Super Rugby referees’ boss backs Dickinson’s decision

2011-06-01 00:00

AUCKLAND — Super Rugby referees’ boss Lyndon Bray said he is “quite comfortable” with Stuart Dickinson’s explanation of the penalty that ultimately cost the Crusaders their match against the Reds in Brisbane.

Australian referee Dickinson penalised Crusaders skipper Richie McCaw for hands in a ruck in the last minute of the match, resulting in the Reds kicking for goal for the crucial 17-16 win on Sunday.

Debate has raged ever since and Bray, after reviewing the incident and the entire performance of Dickinson and his refereeing team, was happy to front on the issue.
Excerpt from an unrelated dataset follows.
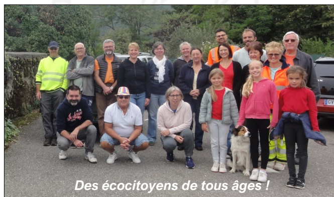
Des écocitoyens de tous âges !

Le samedi 13 septembre, une trentaine de bénévoles se sont mobilisés pour la matinée de nettoyage d'automne des abords des routes et chemins communaux, ce qui constitue un record de participation. Habituellement organisée lors de la journée mondiale de nettoyage de la planète, cette édition a été avancée d'une semaine afin de ne pas coïncider avec le week-end des Journées du Patrimoine, et de ne pas empiéter sur la période de chasse. De tous âges, habitués fidèles ou nouveaux venus, chacun a contribué à ce moment convivial et utile pour le village.

“I’m loathe to criticise the actual decision. We have discussed what else you could have done with that particular scenario and I’m quite comfortable with Stuart’s explanation from a technical view,” Bray said.

While there may have been other options available, the key was that Dickinson had made his position clear by warning the Crusaders not to touch the ball, leaving him with no alternative but to award a penalty when McCaw made his move.

“Stuart quite clearly says don’t touch it. I know it is very, very tough for a player to hear that with the crowd going off. But he is earmarking that it is a ruck. By saying it, you are pretty clear where you are going to go,” said Bray.

Bray said the “other options” available to Dickinson would have been to “say scrum, unplayable, and you’d have to say that very quickly, or you might even play on and we’d be debating if that was correct too”.

Bray said the complexities of rugby are part of its beauty. The debate that is going on is also being aired in refereeing circles.

“From a rugby point of view, if you can back out of the emotion of it, it’s quite a complex decision. It’s not that easy to come out and say was it right or wrong.

“The issue that we have there is that clearly a ruck has formed and the question you have to ask when that ruck collapses is whether the ball was out and in a position where a player could pick it up and play with it. That’s the debate we have had this morning. It’s really hard to criticise the referee on a technical level,” Bray added.

Bray watched the match on TV and knew the penalty was “a big call”. But that’s what the referees were there to do — make decisions.

It was a decision the referee knew would come under review because of “the magnitude of it”.

Bray said the review of the refereeing performance was taken on a “big picture” level and then in “more detail”.

The big picture revealed a Test match-like game with all the associated intensity. The players had done a good job of staying on their feet and the relatively low penalty count (12-4 in favour of the Reds) reflected that.

The detail suggested there were “four or five” decisions Dickinson and his assistants could have got “a bit better”.

Bray said the lead-up to the fateful final penalty revealed a knock-on back towards the halfway line that had been missed. Part of the blame with that lay with the assistant referee on that side of the field.

He believed the 73rd-minute scrum decision that led to a Crusaders penalty goal was correct.

Bray said little should be read into Dickinson being an assistant referee this weekend. That appointment, along with those for the following two rounds, had been made before this review and hadn’t been altered in the run-up to his controversial Brisbane performance.

“I think if you look at Stu’s last three or four games he has actually refereed very, very well. This game I think he performed pretty well in the environment. I accept there was some inaccuracy with the detail and I think he would too. So I don’t see any premise to drop him because of this performance. I think that would be very unfair,” said Bray.

The Reds remain top of the Australian Conference and the overall table, while the Crusaders still trail the Blues in the New Zealand Conference and now have their chances of a home semi-final in jeopardy.